Economic realities and changing consumer behaviour

The broader cultural and economic contexts in the UK significantly influence the trajectory of the plant-based movement.

Traditional diets in the UK, rooted in “meat and two veg”, have been long-standing. Yet, the shift towards plant-based options is evident. You only need to look at Veganuary 2023, which attracted 2.3 million visits to its website and garnered 894 million features on TikTok, indicating that consumer interest in flexible and plant-based eating is still very much on the up.

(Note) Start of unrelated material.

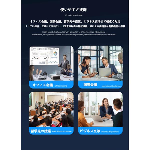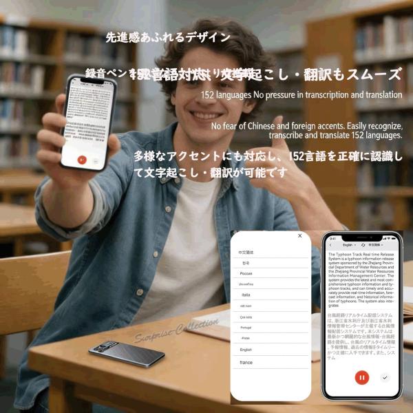 多様なアクセントにも対応し、152言語を正確に文字起こし・翻訳可能。国際会議や海外学習にも最適。

Although challenges abound, notably from the current cost-of-living crisis and its ripple effects on food prices, the plant-based sector is showing resilience. Whether it’s Planted’s launch into Tesco or La Vie’s plant-based ham; supermarkets, in their quest for differentiation and customer loyalty, are introducing new brands and product lines to cater to the demand for non-animal-based foods.

Recent collaborations between chefs, nutritionists, and plant-based brands, aimed at offering delicious and nutritionally balanced plant-based meals further signify the depth of this market’s potential.

In this evolving landscape, the brands that are positioned to succeed will be those that can seamlessly integrate taste, health benefits, and affordability. Recognising that significant shifts in eating habits are a gradual process, given the cultural significance of food, is crucial.

Nonetheless, the signs of change are everywhere.

meat free kebab
© Planted

Future-proofing in the plant-based sector

Brands aiming to leave a lasting mark in the UK’s plant-based category need to envision a long-term game plan.

The emphasis should be on building a sustainable brand that resonates with evolving consumer needs. A pertinent example is THIS’s strategic launch of its Roast Chicken for the festive season. The brand’s ability to identify and capitalise on new opportunities underscores the importance of adaptability and foresight.

The narrative surrounding the UK’s plant-based industry is multifaceted. While some reports suggest a growing list of challenges, many success stories underscore the sector’s vitality and potential.

In this vibrant and dynamic market, brands equipped with a clear vision, unwavering commitment to quality, and a pulse on consumer preferences will pave the way for a future where plant-based is more than just an option—it’s the preferred choice.